The editorial notes that the goal of having 100 percent of students proficient in math and reading by 2014 is unrealistic, which is an on-the-mark observation, but it fails to hammer home the point that school districts are being called failing even while they are surpassing federal guidelines in all but one area. For instance, if you have any group of students (white, African American, Hispanic, students who receive free or reduced lunches, for example) which falls short of the arbitrarily set government goal, even though the rest of the school has high scores, the school is still listed as failing and required to tell all of its patrons that it is failing.
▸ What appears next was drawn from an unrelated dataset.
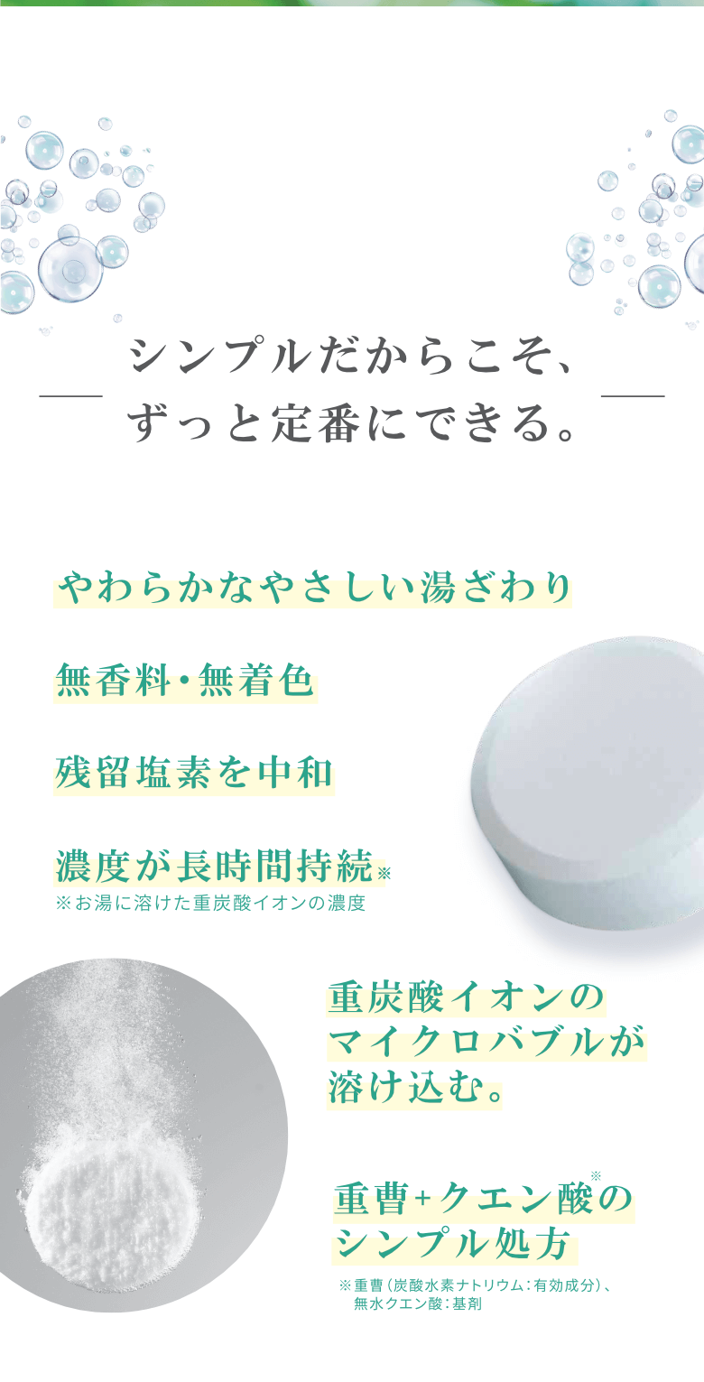 ホットタブは細かい泡でゆっくりと溶解するよう固く作られており、pH中性と相まって、より多くの重炭酸イオンを湯中に留まらせるよう設計されています。

If that is not undermining public schools, I don't know what you would call it.
In the Joplin R-8 School District, in which I teach, math and reading scores were up across the board. The school is listed as failing because its graduation rate did not meet the federal level. And to be called a failure for not meeting that standard is particularly galling since so many factors that are totally outside the school's influence pay a big role in whether a student stays in school, including home environment, pregnancy, parents' attitudes about education, problems with the law, things school teachers and administrators have little or no control over.
The Globe's editorial is a welcome sight, but it should be the first of many editorials and news articles designed to bring to light the problems with No Child Left Behind, an ill-advised governmental program that is failing in every one of its categories.

7 comments:

Unknown said...

Randy,

I could not agree with you more.

Anonymous said...

As far as I'm concerned NCLB should be radically altered or thrown in the trash. The law is unrealistic and failure becomes inevitable. It makes no allowances or exceptions that I could see for mentally disabled children who simply cannot and never will meet the same goals the non-disabled can. And as you said, Randy, there are many factors which contribute to a child's ability and willingness to learn. No distinctions or exceptions seem to have been made there either.

Anonymous said...

By all means, any program that exposes the failings of public schools cannot be tolerated.

Randy said...

Anyone who truly believes No Child Left Behind provides an accurate picture of what goes on in public schools has not done any research into the law.

Anonymous said...

Well, why don't we turn a spotlight on and expose some of the failings of the private school system then? I'm sure there are plenty of them. How about we start with the fact that very few, if any, are equipped and trained to care for children with special needs? Why don't we start with the fact that if you call them up and tell them that you want to enroll a special needs child, almost all of them will tell you that they simply don't accept physically or mentally disabled children.

Anonymous said...

If No Child Left Behind does nothing more than raise the hackles of the educational community and forces it to take a long hard look at education then it is successful beyond our greatest hopes.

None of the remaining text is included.